In addition to studying the physiological homeostasis of the body it is important to understand the psychological determinants that enable people to flourish (i.e., wellbeing) and how this relates to optimal mental and physical functioning. Wellbeing is a complex multi-dimensional concept and there are two main approaches to its study: the eudaimonic approach (also known as psychological wellbeing) centres on the fulfilment of personal potential and living a meaningful life and is concerned with having purpose in life, self-acceptance, personal growth and positive inter-personal relations. The hedonic approach (also known as subjective wellbeing or happiness) refers to personal satisfaction, happiness and contentment [43]. Researchers have shown that wellbeing has an important bearing on the trajectories of ageing [44], [45], [46]. Findings from the Whitehall II study, for example, have shown that high levels of wellbeing are associated with reduced neuro-endocrine, inflammatory, and cardiovascular activity [47]. In relation to lifestyle factors, high levels of wellbeing have been associated with a healthier lifestyle. Wellbeing can also be discussed in terms of psychological resilience (preservation of wellbeing in the face of adversity), which research has demonstrated to have a positive effect on health.
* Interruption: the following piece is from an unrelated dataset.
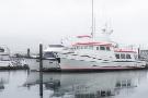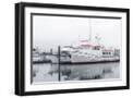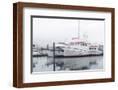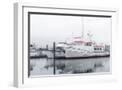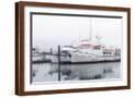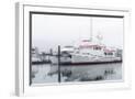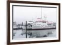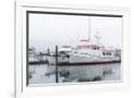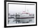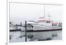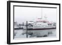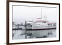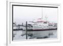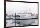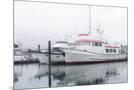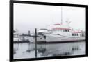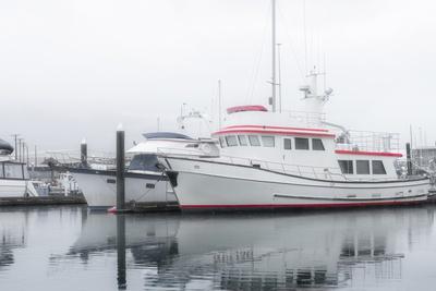 Alaska, Valdez. Two fishing boat in a foggy marina.
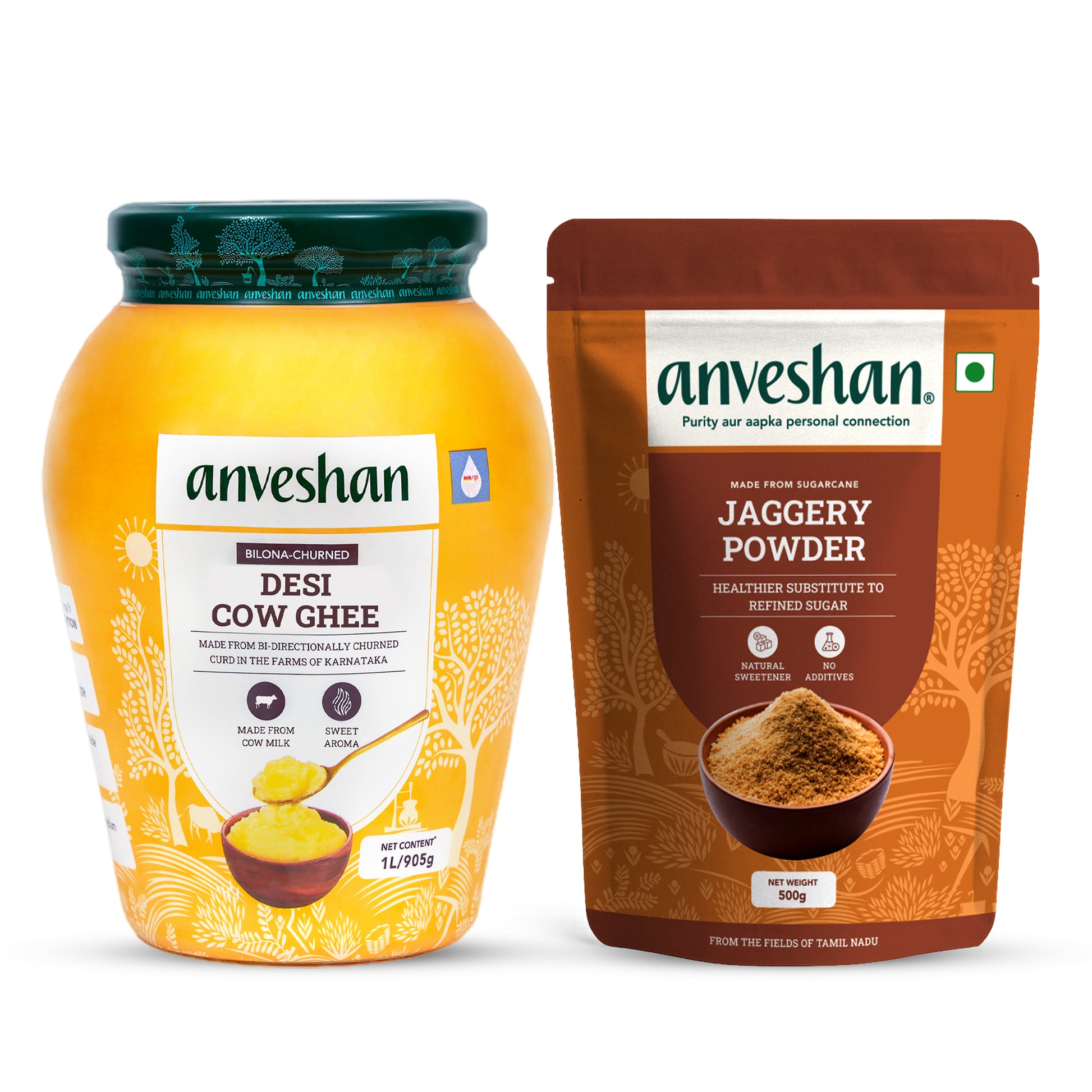 Ayurveda-approved nourishment. Gut-friendly Desi Cow ghee meets mineral-rich jaggery for daily cleansing and balance.

For example, adequate management of stress has been associated with a 24% decrease risk of stroke [48]. This suggests that interventions should sustain both physiological and psychological homeostasis to maintain resilience and subsequently the absence of frailty and disease [49].

Although the integrated study of the biology and psychology of optimal functioning and its relation to health is a relatively new area of research, and further research is required to understand these relations, it holds considerable promise and will contribute to our understanding of healthy mental and physical functioning across the lifecourse.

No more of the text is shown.